**Work to be completed:**
The records underneath are to be printed in full and exactly, with no pictures carried over.

**Data to use:**
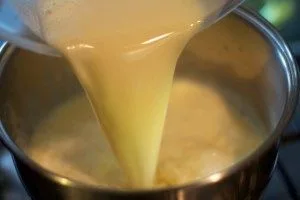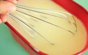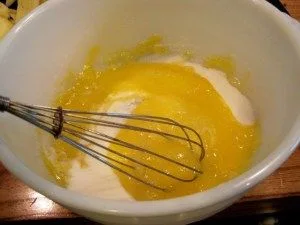 2.ใส่น้ำตาลลงในไข่แดงแล้วตีให้เป็นเนื้อเดียวกัน ค่อยๆ นำนมอุ่นเทใส่ลงไปทีละนิด แล้วตีให้ส่วนผสมเข้ากันทั้งหมด (นมต้องแค่อุ่นๆ นะคะ ห้ามร้อนเด็ดขาด เพราะถ้าร้อนเกินไปจะทำให้ไข่แดงสุกค่ะ)
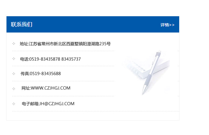 傳真:0519-83435688    郵編:213135    網址:WWW.czjhgj_com.hddemusi.com    電子郵箱:JH@czjhgj_com.hddemusi.com
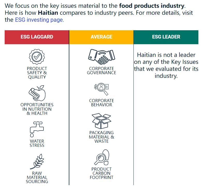 反观海天味业的经营模式,在“营养与健康机遇”方面缺乏主动的投入。
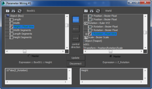 The Disconnect button is enabled when you’ve selected parameters with an existing wire between them. It will remove the wire controller(s) and replace them with the Master parameter’s animation track (if two-way) or with default controllers (if one-way).
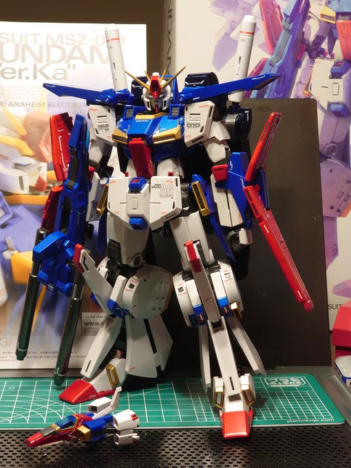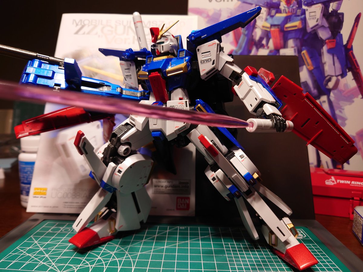 MG ZZ Ver.Ka 制作4日目。花粉症と疲れ目からしっかり休み、この日は朝5時から始めて塗装と組上げおわりました。後はデカール貼り。貼った後はやっぱクリアー吹いた方がいいのかなぁ… #ガンプラの画像を貼るとRTされると聞いて
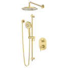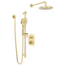 Indy complete shower faucet installation with rain shower head, 2 jet styles (spray & stream) handshower, 32" sliding bar and 2 way diverter valve, is as much a pleasure for the eyes as it is to the touch.
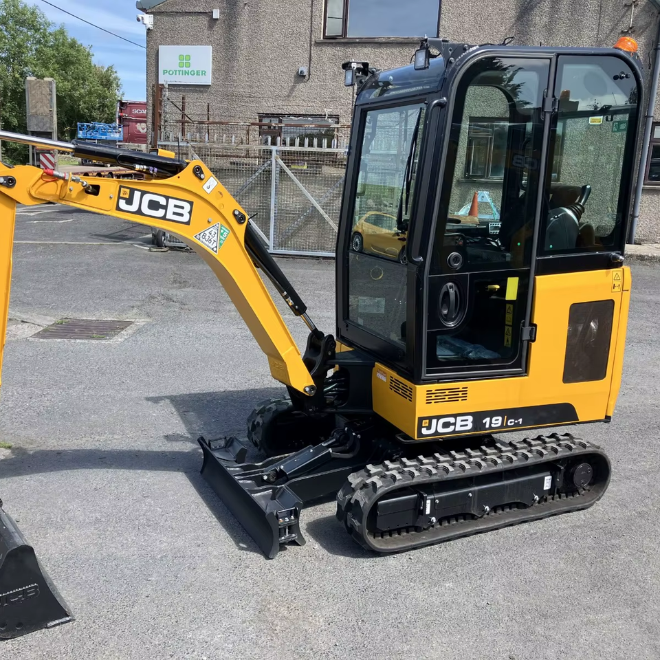 JCB 19C-1ขุดขนาดเล็กทำหน้าที่คู่เสริมรถแท็กซี่เต็มรูปแบบพร้อมเครื่องทำความร้อนสำหรับการก่อสร้างและการเคลื่อนย้ายดิน
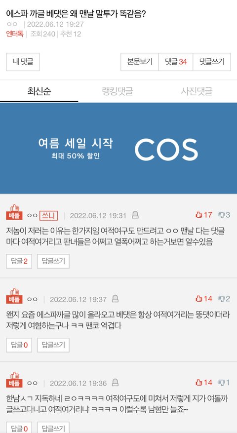 그 이유는 까글쓴놈=베댓쓴놈이기 때문임ㅇㅇ

**Written response:**
 2.ใส่น้ำตาลลงในไข่แดงแล้วตีให้เป็นเนื้อเดียวกัน ค่อยๆ นำนมอุ่นเทใส่ลงไปทีละนิด แล้วตีให้ส่วนผสมเข้ากันทั้งหมด (นมต้องแค่อุ่นๆ นะคะ ห้ามร้อนเด็ดขาด เพราะถ้าร้อนเกินไปจะทำให้ไข่แดงสุกค่ะ)
 傳真:0519-83435688    郵編:213135    網址:WWW.czjhgj_com.hddemusi.com    電子郵箱:JH@czjhgj_com.hddemusi.com
 反观海天味业的经营模式,在“营养与健康机遇”方面缺乏主动的投入。
 The Disconnect button is enabled when you’ve selected parameters with an existing wire between them. It will remove the wire controller(s) and replace them with the Master parameter’s animation track (if two-way) or with default controllers (if one-way).
 MG ZZ Ver.Ka 制作4日目。花粉症と疲れ目からしっかり休み、この日は朝5時から始めて塗装と組上げおわりました。後はデカール貼り。貼った後はやっぱクリアー吹いた方がいいのかなぁ… #ガンプラの画像を貼るとRTされると聞いて
 Indy complete shower faucet installation with rain shower head, 2 jet styles (spray & stream) handshower, 32" sliding bar and 2 way diverter valve, is as much a pleasure for the eyes as it is to the touch.
 JCB 19C-1ขุดขนาดเล็กทำหน้าที่คู่เสริมรถแท็กซี่เต็มรูปแบบพร้อมเครื่องทำความร้อนสำหรับการก่อสร้างและการเคลื่อนย้ายดิน
 그 이유는 까글쓴놈=베댓쓴놈이기 때문임ㅇㅇ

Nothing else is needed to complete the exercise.